Política

WELLINGTON: A MAIOR LIDERANÇA POLÍTICA DO PIAUÍ

WELLINGTON: A MAIOR LIDERANÇA POLÍTICA DO PIAUÍ

WELLINGTON: A MAIOR LIDERANÇA POLÍTICA DO PIAUÍ

 

Magno Pires

           

            O atual Governador do Piauí, Wellington Dias (PT), foi o único político do Estado que conseguiu governar o Estado em quatro ocasiões. E sempre reeleito no primeiro turno. Exercera os mandatos em 2002, 2006, 2010, 2014 e 2018, completando um ciclo de dezesseis anos. Esta marca é sua. Nenhum outro político piauiense administrou o Estado quatro vezes. Além dessa marca indelével, e apenas sua, ainda foi Vereador de Teresina, Deputado estadual e federal e Senador da República. Jamais mudara de agremiação partidária. Sempre filiado ao Partido dos Trabalhadores.

            Agora, em 22, lidera a política do Piauí. Mantém uma composição de vários partidos e controla, sob a sua liderança, as articulações às eleições do próximo ano. Será candidato ao Senado da República, com eleição garantida, e quer eleger para o período de 22 a 26, o aliado Marcelo Castro, atual Senador da República (MDB), e/ou o petista Rafael Fonteles, o seu Secretário da Fazenda.
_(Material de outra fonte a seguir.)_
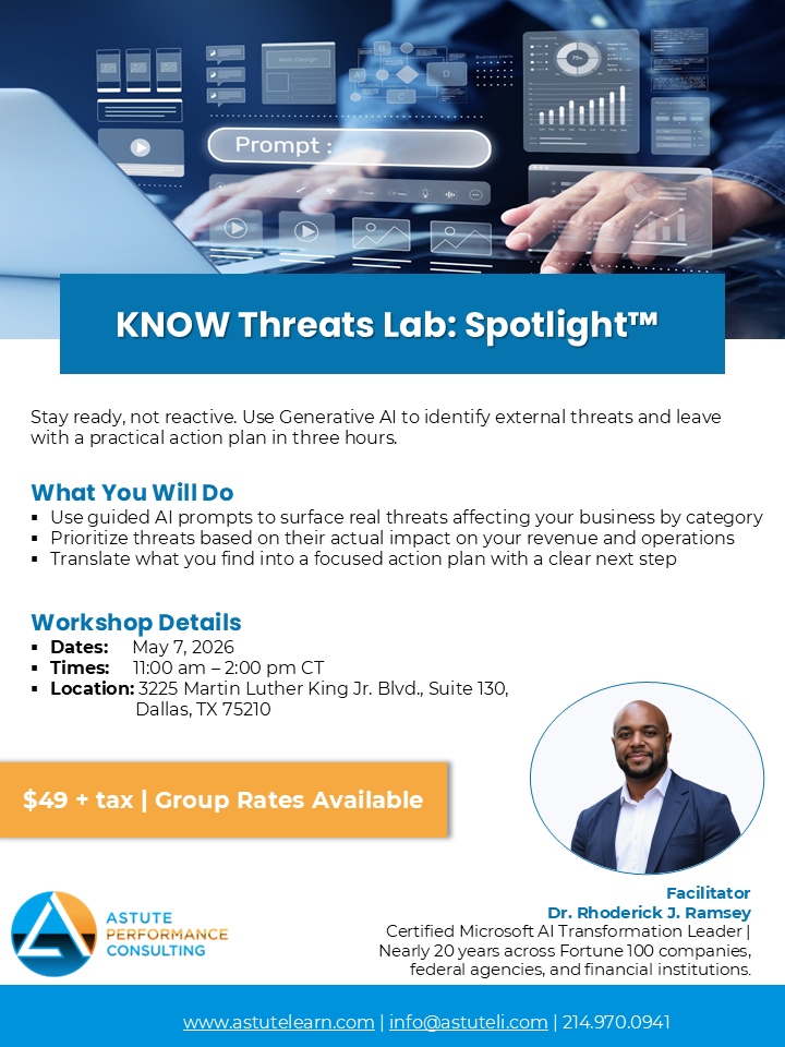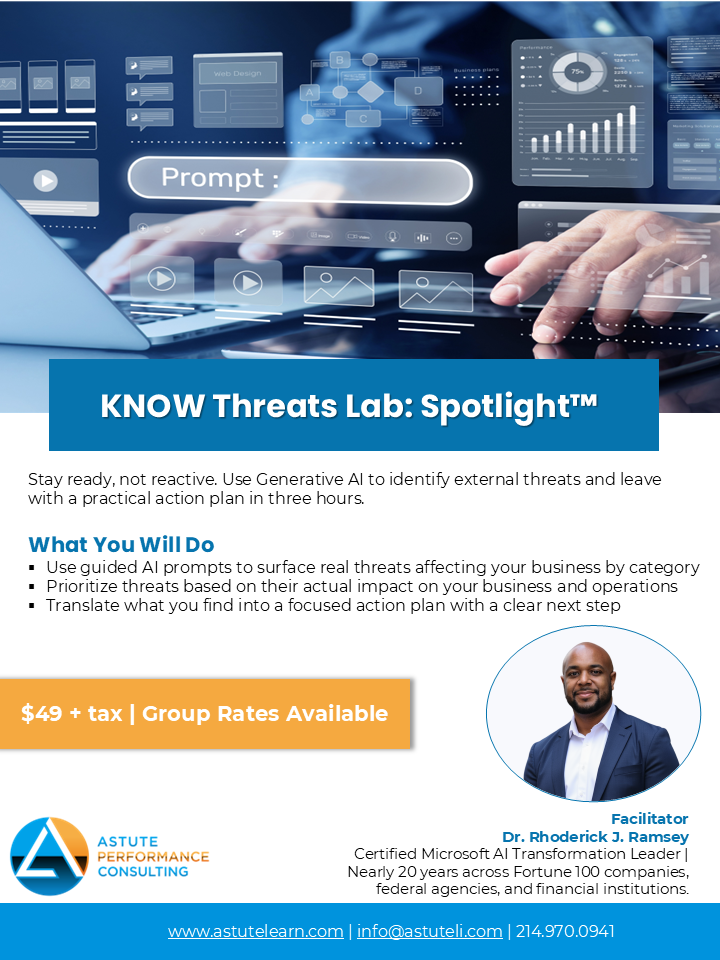 The KNOW Threats Lab: Spotlight™ is a three-hour, in-person working session for business owners, entrepreneurs, and operational leaders. You will use Generative AI to analyze external threats affecting your actual business, right in the room, in real time. No tech background required. You leave with a completed threat analysis, reusable AI prompts, and 90-day actions you can take immediately.
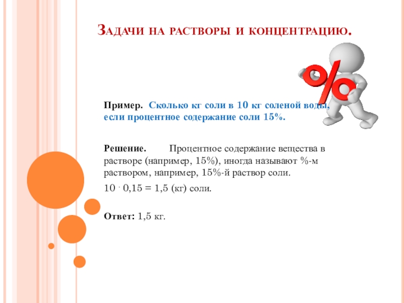 Решение. Процентное содержание вещества в растворе (например, 15%), иногда называют %-м раствором, например, 15%-й раствор соли.
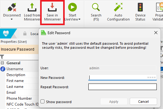 Po zakończeniu wstępnej konfiguracji należy zapisać dane w urządzeniu Miniserver i zmienić domyślne hasło.

            É evidente que pretende deixar no cargo de Governador um petista, como Rafael Fonteles, certamente para dar continuidade ao ideário da ideologia e filosofia petista, o que poderá não se registrar se o Senador Marcelo Castro for ungido ao evento eleitoral de 22.

            O Governador Wellington Dias consagrou-se e sagrou-se líder maior do Piauí adotando, em toda a sua longerra vida partidária, as ações e metas, além da doutrina do PT, e jamais fugindo dos princípios norteadores desse ideário.

            É um líder popular, com base fundamental e constituída nas áreas sociais e econômicas mais carentes e pulverizadas do Piauí. E há campo que sobra para essa sua ação político-partidária porque o Piauí detém 1,4 milhão de piauienses que vivem abaixo da linha da extrema pobreza, que sobrevivem, miseravelmente; não tendo o suficiente para sua alimentação normal. Passam fome e muita necessidade. E o combate, a essas mazelas sociais e econômicas, deixa muito a desejar, mesmo com as adoções de medidas de política pública.

            Evidentemente que temos que considerar as épocas e/ou períodos em que os outros líderes proeminentes da política do Estado foram governantes do Piauí: Chagas Rodrigues (1959-1962), Petrônio Portella (1979-1982), Alberto Silva (1971-1975 – 1987-1991) e Mão Santa(Francisco de Assis Moraes Souza – 1995-2001) também foram chefes do Executivo do Piauí. Chagas e Petrônio foram eleitos apenas uma vez; enquanto Alberto Silva e Mão Santa eleitos para dois períodos governamentais, elegendo-se, ambos, em duas ocasiões. Sendo que Chagas Rodrigues, Alberto Silva e Mão Santa eram filhos de Parnaíba – segunda maior cidade do Estado, depois de Teresina. E Petrônio Portella Nunes era filho de Valença, município do Centro Sul do Estado. Todos foram senadores da República, assim como Wellington.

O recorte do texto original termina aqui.